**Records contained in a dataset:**
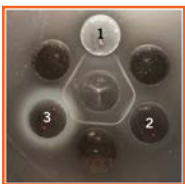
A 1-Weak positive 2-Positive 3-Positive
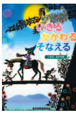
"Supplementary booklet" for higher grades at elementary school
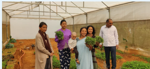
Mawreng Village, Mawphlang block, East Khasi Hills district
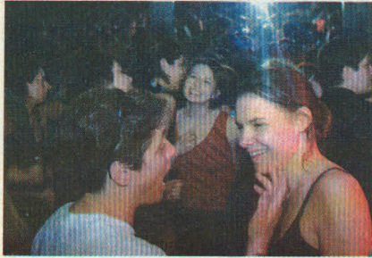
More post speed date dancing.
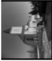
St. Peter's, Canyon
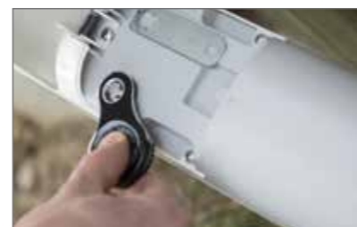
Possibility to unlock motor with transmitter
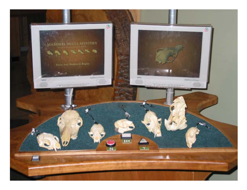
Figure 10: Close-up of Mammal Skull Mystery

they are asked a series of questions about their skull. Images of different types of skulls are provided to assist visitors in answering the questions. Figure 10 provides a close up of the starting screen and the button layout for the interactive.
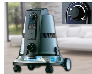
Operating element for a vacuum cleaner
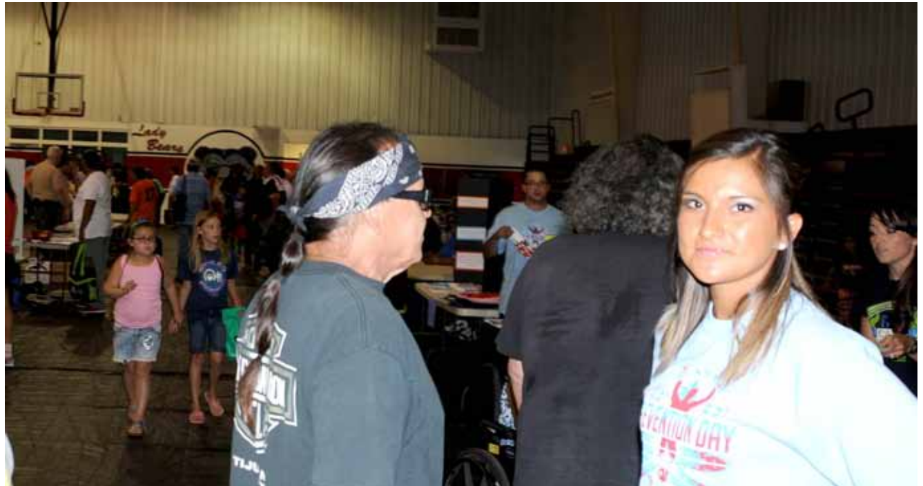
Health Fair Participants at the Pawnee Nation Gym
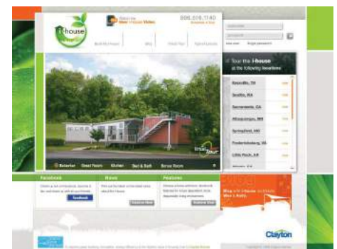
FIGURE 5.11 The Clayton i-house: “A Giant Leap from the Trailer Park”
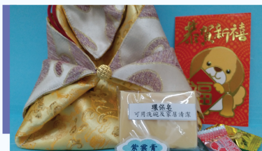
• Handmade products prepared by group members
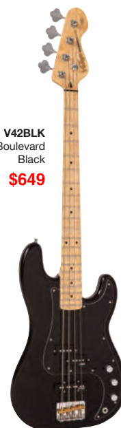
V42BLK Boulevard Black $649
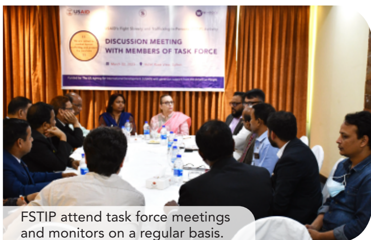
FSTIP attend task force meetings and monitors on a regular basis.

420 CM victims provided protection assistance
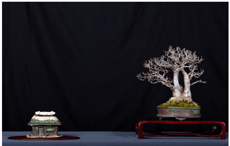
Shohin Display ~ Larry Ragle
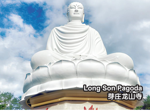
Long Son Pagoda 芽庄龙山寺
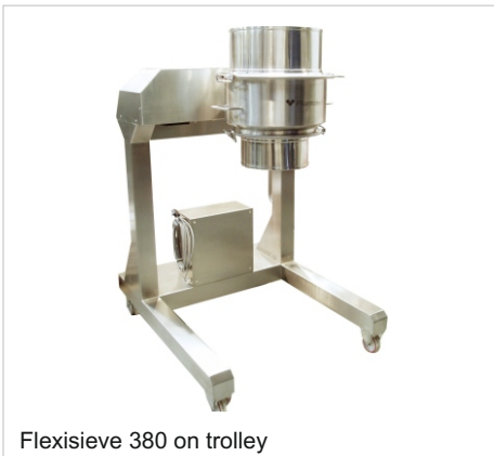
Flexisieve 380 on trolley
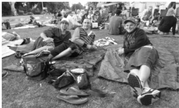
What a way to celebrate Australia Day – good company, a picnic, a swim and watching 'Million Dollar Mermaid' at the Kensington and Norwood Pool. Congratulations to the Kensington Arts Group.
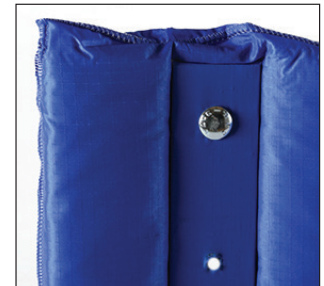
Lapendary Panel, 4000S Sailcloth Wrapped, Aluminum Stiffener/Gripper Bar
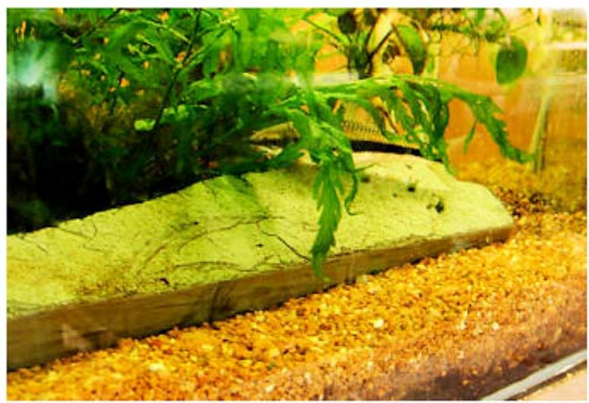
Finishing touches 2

**YOUR ASSIGNMENT:**
Quote every record above exactly, leaving out any pictures.

**RESPONSE:**
A 1-Weak positive 2-Positive 3-Positive
"Supplementary booklet" for higher grades at elementary school
Mawreng Village, Mawphlang block, East Khasi Hills district
More post speed date dancing.
St. Peter's, Canyon
Possibility to unlock motor with transmitter
Figure 10: Close-up of Mammal Skull Mystery

they are asked a series of questions about their skull. Images of different types of skulls are provided to assist visitors in answering the questions. Figure 10 provides a close up of the starting screen and the button layout for the interactive.
Operating element for a vacuum cleaner
Health Fair Participants at the Pawnee Nation Gym
FIGURE 5.11 The Clayton i-house: “A Giant Leap from the Trailer Park”
• Handmade products prepared by group members
V42BLK Boulevard Black $649
FSTIP attend task force meetings and monitors on a regular basis.

420 CM victims provided protection assistance
Shohin Display ~ Larry Ragle
Long Son Pagoda 芽庄龙山寺
Flexisieve 380 on trolley
What a way to celebrate Australia Day – good company, a picnic, a swim and watching 'Million Dollar Mermaid' at the Kensington and Norwood Pool. Congratulations to the Kensington Arts Group.
Lapendary Panel, 4000S Sailcloth Wrapped, Aluminum Stiffener/Gripper Bar
Finishing touches 2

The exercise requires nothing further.